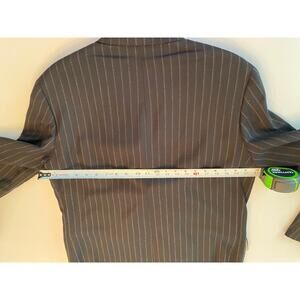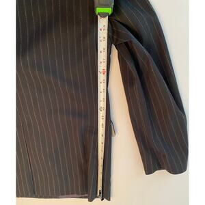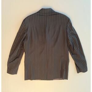 This ZARA pinstripe blazer offers a refined take on classic tailoring with a contemporary edge. Crafted from a structured woven fabric, it features sharp lapels, flap pockets, and subtle shoulder padding for a clean, powerful silhouette. The soft pinstripe pattern adds sophistication, while the slightly oversized cut gives it a modern, relaxed drape — perfect for pairing with trousers, denim, or layered over a tee for an effortless, chic look. Fully lined with button cuffs and a single-button front closure.
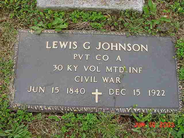| Johnson | Lewis G. | 15 Jun 1840 | 15 Dec 1922 | PVT Co. A, 30 KY VOL MTD INF, Civil War | 055 |
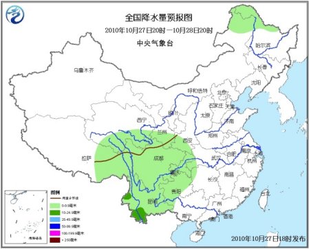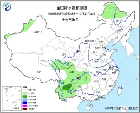 中新網(wǎng)10月27日電 據(jù)中央氣象臺預(yù)報,未來三天,新疆西部山區(qū)和北部、西藏東部、青海南部、甘肅南部、川西高原北部、內(nèi)蒙古東北部、黑龍江北部等地有小雨(雪)或雨夾雪。陜西南部、西南地區(qū)大部、湖北西南部、湖南西北部等地有小到中雨。
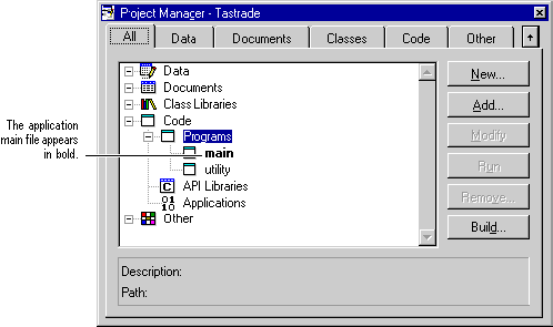 Main files link each component together and set the starting point for your application. The main file serves as the execution starting point for your application, and can consist of a program or form. When users run your application, Visual FoxPro launches the main file for your application, which in turn runs all other components as needed. All applications must have a main file. Usually, the best choice is to create a main program in your application. However, you can combine the functionality of the main program and the initial user interface by using a form as the main program.

### Task requirements
The data must be printed exactly, image-free.

### Task result
 This ZARA pinstripe blazer offers a refined take on classic tailoring with a contemporary edge. Crafted from a structured woven fabric, it features sharp lapels, flap pockets, and subtle shoulder padding for a clean, powerful silhouette. The soft pinstripe pattern adds sophistication, while the slightly oversized cut gives it a modern, relaxed drape — perfect for pairing with trousers, denim, or layered over a tee for an effortless, chic look. Fully lined with button cuffs and a single-button front closure.
| Johnson | Lewis G. | 15 Jun 1840 | 15 Dec 1922 | PVT Co. A, 30 KY VOL MTD INF, Civil War | 055 |
 中新網(wǎng)10月27日電 據(jù)中央氣象臺預(yù)報,未來三天,新疆西部山區(qū)和北部、西藏東部、青海南部、甘肅南部、川西高原北部、內(nèi)蒙古東北部、黑龍江北部等地有小雨(雪)或雨夾雪。陜西南部、西南地區(qū)大部、湖北西南部、湖南西北部等地有小到中雨。
 Main files link each component together and set the starting point for your application. The main file serves as the execution starting point for your application, and can consist of a program or form. When users run your application, Visual FoxPro launches the main file for your application, which in turn runs all other components as needed. All applications must have a main file. Usually, the best choice is to create a main program in your application. However, you can combine the functionality of the main program and the initial user interface by using a form as the main program.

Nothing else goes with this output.